### [Problem to solve]
Exactly the lines from the one holding "4、在每一个关卡的最后,玩家" through the last line of the listing below must appear in the answer, and no pictures.
[[ Supplied information open ]]
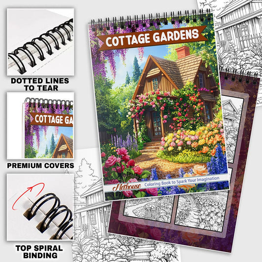 NETHOUSE Cottage Gardens Coloring Book For Adults Relaxation & Stress Relief, 30 Coloring Pages of Blooming Cottage Gardens, Charming Pathways, Rustic Flowers, and Peaceful Nature Corners
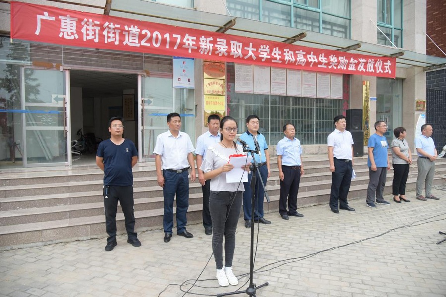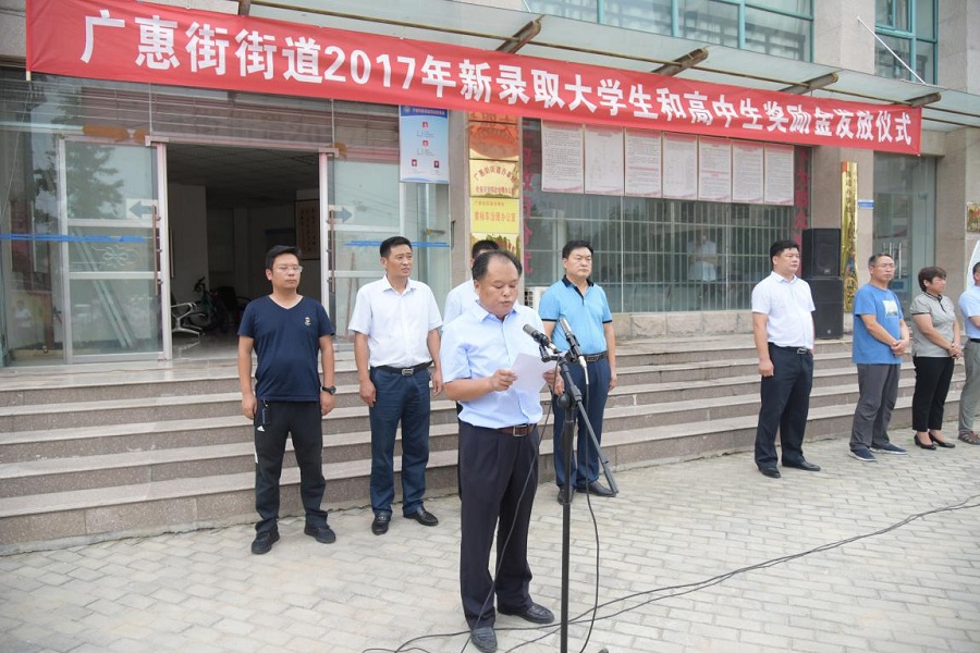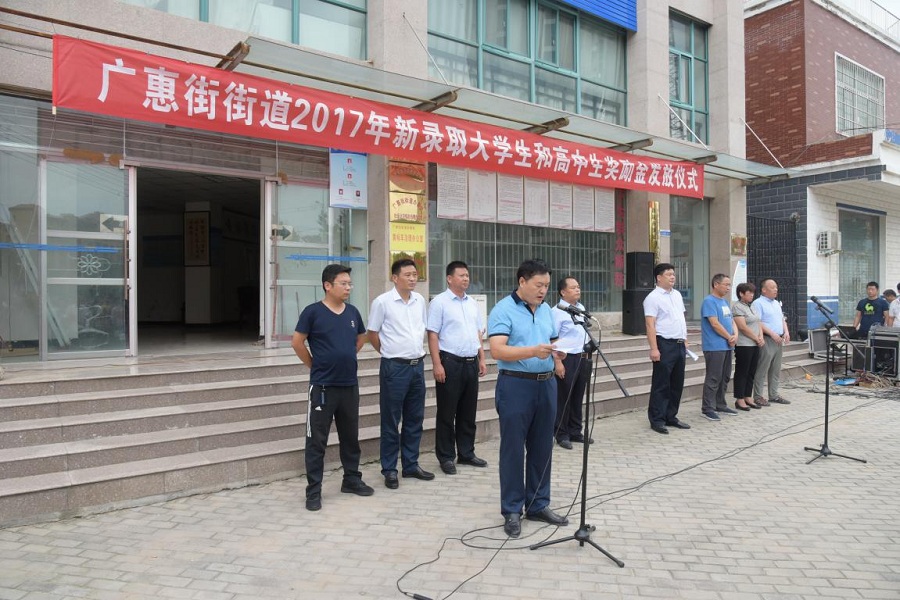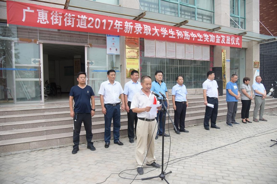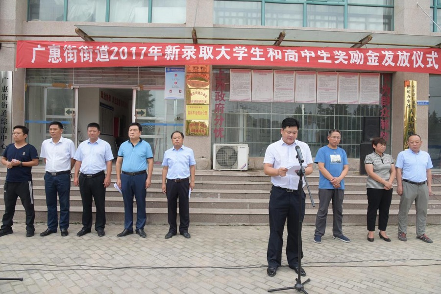 8月18日,广惠街街道举行新录取大学生和高中生奖励金发放仪式,街道班子成员、村组干部、学生家长和新录取学生欢聚一堂,共同庆祝全街道高考和中招的丰收,分享莘莘学子们成功的喜悦。
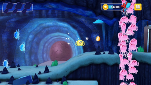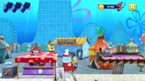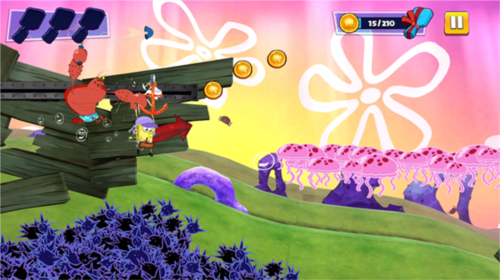 4、在每一个关卡的最后,玩家都必须和该场景的皮老板表兄弟来一场PK 赛!游戏过程中除了要躲避一系列障碍物以外,表兄弟们会在与海绵宝宝的追逐过程中投放爆炸物,玩家可以通过「冲刺」技巧来把这些爆炸物撞回给表兄弟们。当表兄弟们下方血条归零时,挑战就成功了!
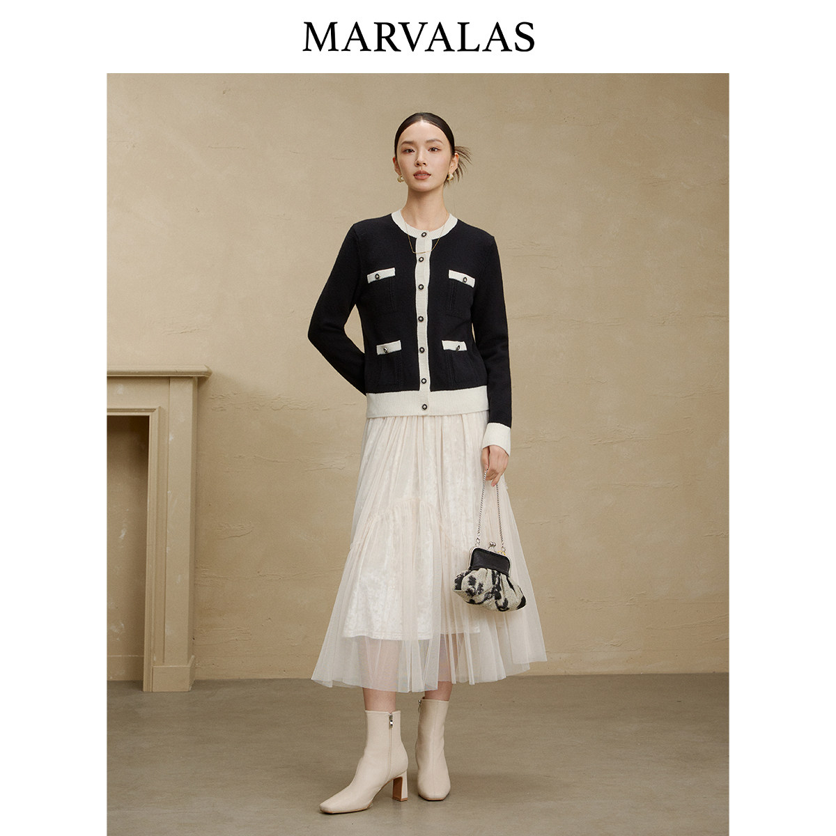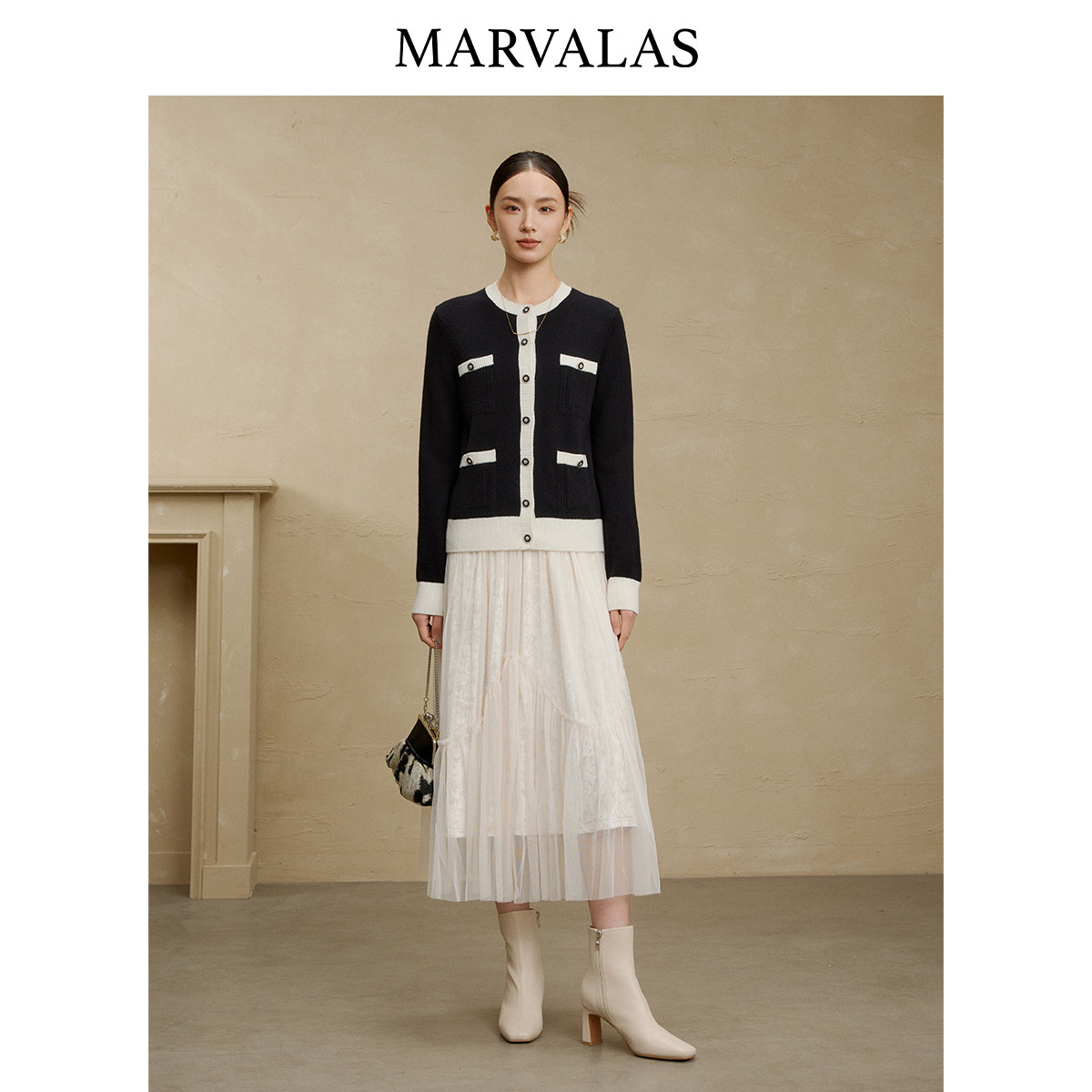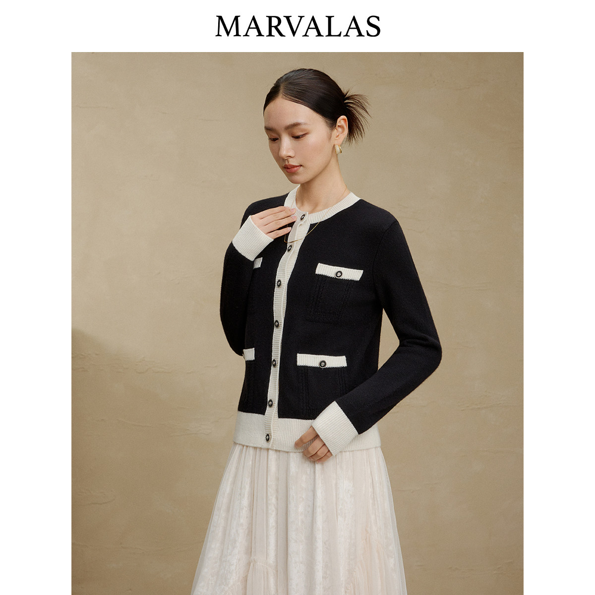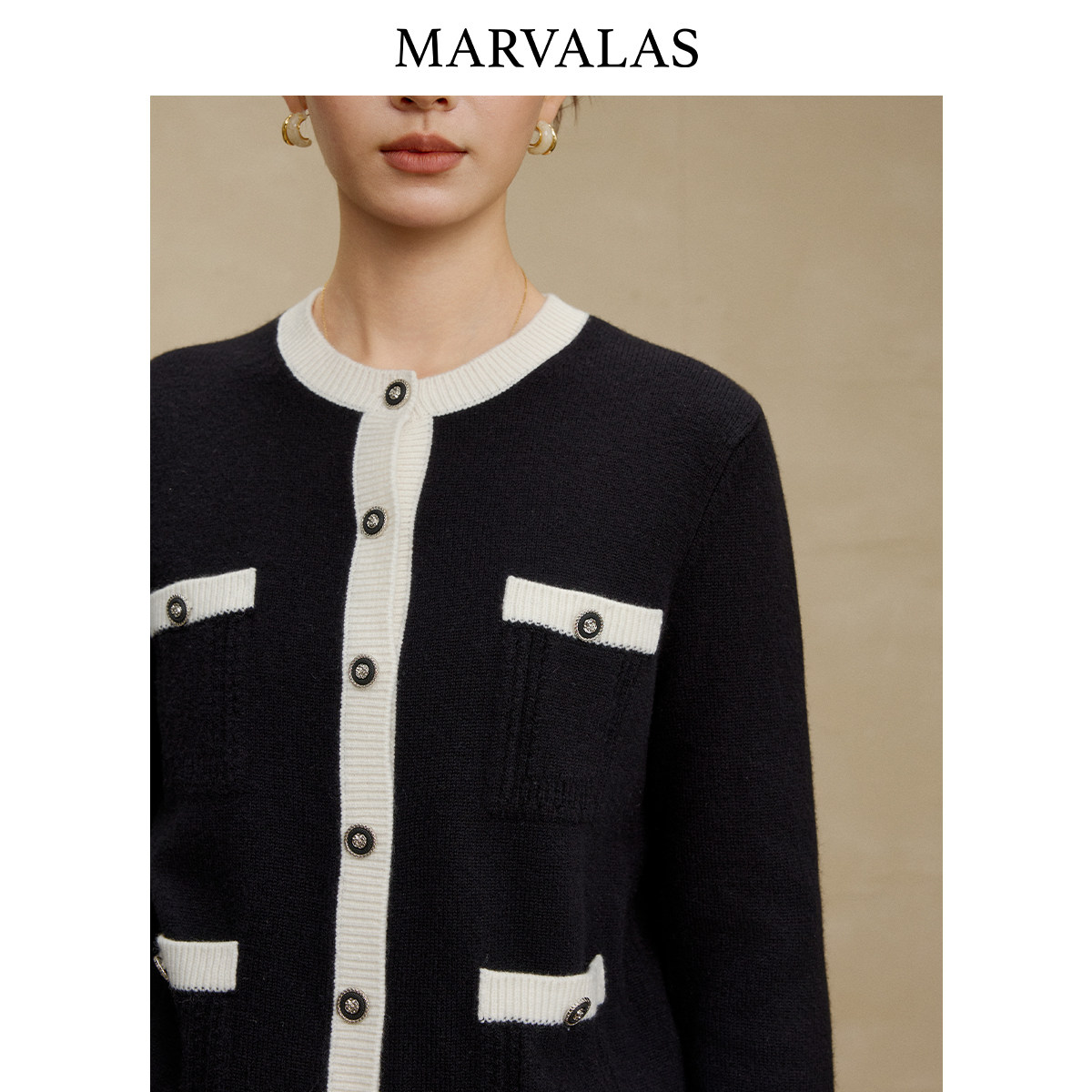 📚 曼德诗绵羊毛开衫2025冬季新款时尚黑白撞色毛衣百搭针织衫上衣女
[[ Supplied information closed ]]
### [Solution to this problem]
 4、在每一个关卡的最后,玩家都必须和该场景的皮老板表兄弟来一场PK 赛!游戏过程中除了要躲避一系列障碍物以外,表兄弟们会在与海绵宝宝的追逐过程中投放爆炸物,玩家可以通过「冲刺」技巧来把这些爆炸物撞回给表兄弟们。当表兄弟们下方血条归零时,挑战就成功了!
 📚 曼德诗绵羊毛开衫2025冬季新款时尚黑白撞色毛衣百搭针织衫上衣女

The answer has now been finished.